Par Valérie Marin La Meslée
Publié le 05/02/2024 à 06h55, mis à jour le 06/02/2024 à 23h35
Temps de lecture : 3 min Ajouter à mes favoris Google News Commenter Partager
«S
uzanne », « So long, Marianne »… Ces
chansons, d'emblée éternelles, figuraient déjà
dans Songs of Leonard Cohen, le premier album du Canadien,
sorti en 1967, tellement poétique, tellement littéraire…
Justement. Outre-Atlantique, Leonard Cohen (1934-2016), dix ans
avant son entrée dans la chanson, était déjà connu
comme poète.

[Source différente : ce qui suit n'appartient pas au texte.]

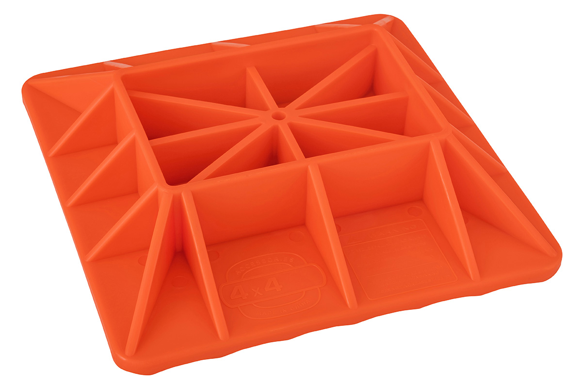 Подставка для реечного домкрата увеличивает пятно контакта и, тем самым, предотвращает погружение домкрата в грунт.

Il n'a que 21 ans quand paraît Let Us Compare
Mythologies, son premier recueil, et devient vite une figure
culte de la Beat generation. Durant ces mêmes années
1950, le jeune Montréalais s'essaie aussi au roman, mais
personne ne veut publier, à l'époque, Un ballet de
lépreux, découvert dans ses archives et qui paraît enfin
aujourd'hui. De son vrai premier roman, Cohen disait
d'ailleurs qu'il était « probablement meilleur » que celui jusqu'alors
considéré comme inaugural : Jeux de dames (The Favorite
Game), paru en 1963, traduit en France – comme le
suivant, Les Perdants magnifiques – chez Christian Bourgois,
romans réédités en poche après la disparition de l'auteur.
À titre posthume, aussi, les Éditions du Seuil ont publié,
en 2018, The Flame, poèmes, notes et dessins rassemblés par
Cohen lui-même, livre présenté comme son « testament ».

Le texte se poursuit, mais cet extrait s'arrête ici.